In [1]:
import os
import sys

# In case it is not installed as a package
# the project folder needs to be added to
# the path

# Change the path to the project folder
project_path = os.path.expanduser(os.path.join("~", "Documents", "ResultExtractor"))
if project_path not in sys.path:
    sys.path.append(project_path)

# Introduction to the OpenML ResultExtractor

The OpenML ResultExtractor is a package that allows to analyse the data at OpenML given different task and flow filters. It builds a Pandas DataFrame from the Cartesian product of the tasks and flows, where each entry can be a run, a list of runs or empty for the task and flow combination.

The ResultExtractor can be initiliazed in multiple ways:

* With non keyworded arguments which represent flow ids to consider
* With keyworded arguments which represent run restrictions
* Non keyworded and keyworded arguments combined.
* Without any arguments, in which case all flows and all tasks run on them will be considered.

The last case will not be covered in the tutorial, since there is a large amount of results at OpenML and it takes too long for the results to be available.

## Getting flow ids given flow identifiers

The package offers a helper function which returns flow ids given flow qualifiers.
A flow qualifier can be a flow name eg. **'mlr.classif.svm'** or it can be a flow name combined with a flow version **'mlr.classif.svm_6'**, the later is a **unique** flow qualifier and corresponds to a single id.

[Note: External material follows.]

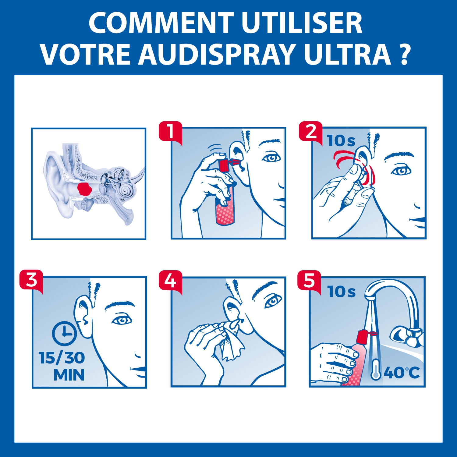 "Il est appliqué à l’aide d’un dispositif d’administration auriculaire spécialement conçu pour être utilisé dans le conduit auditif externe. 1. Orienter l’embout vers l’oreille et procéder à 1 à 2 brumisations par oreille en maintenant le flacon en position verticale. 2. Masser la base de l’oreille pendant quelques secondes. 3. Incliner la tête sur le côté pour évacuer le surplus et essuyer. 4. Rincer l’embout à l’eau chaude après chaque utilisation"

A list of flows can be found at https://www.openml.org/search?type=flow and it 
can be sorted according to your needs.

In [2]:
# Covering 2 simple use cases of the helper function
from pprint import pprint 
from src.util import get_flow_ids

# There are 10 different flow versions 
# for the svm algorithm.
print("Providing only a flow name:")
flow_ids = get_flow_ids('mlr.classif.svm')
pprint(flow_ids)

# A unique flow identifier.
print("Providing a flow name and a version:")
flow_ids = get_flow_ids('mlr.classif.svm_6')
pprint(flow_ids)

# Providing multiple arguments
print("Providing multiple flows:")
flow_ids = get_flow_ids('mlr.classif.svm', 'weka.RandomForest_5')
pprint(flow_ids)

Providing only a flow name:
{5891, 4102, 6599, 4141, 6669, 5969, 6322, 5524, 5527, 4319}
Providing a flow name and a version:
{5527}
Providing multiple flows:
{5891, 4102, 6599, 4141, 6669, 5969, 6322, 5524, 1079, 5527, 4319}


## Restricting the flows considered

To limit the number of flows considered, you have to initialize the result extractor with flow ids, given as positional arguments.

In [3]:
from src.result_extractor import ResultExtractor

# Using a single flow
flow_ids = get_flow_ids('mlr.classif.svm_6')
# Calling the Result extracter with the flow ids
result_extracter = ResultExtractor(*flow_ids)
print("Showing the first 3 tasks out of %d" % len(result_extracter.results))
pprint(result_extracter.results.iloc[0:3, 0:3])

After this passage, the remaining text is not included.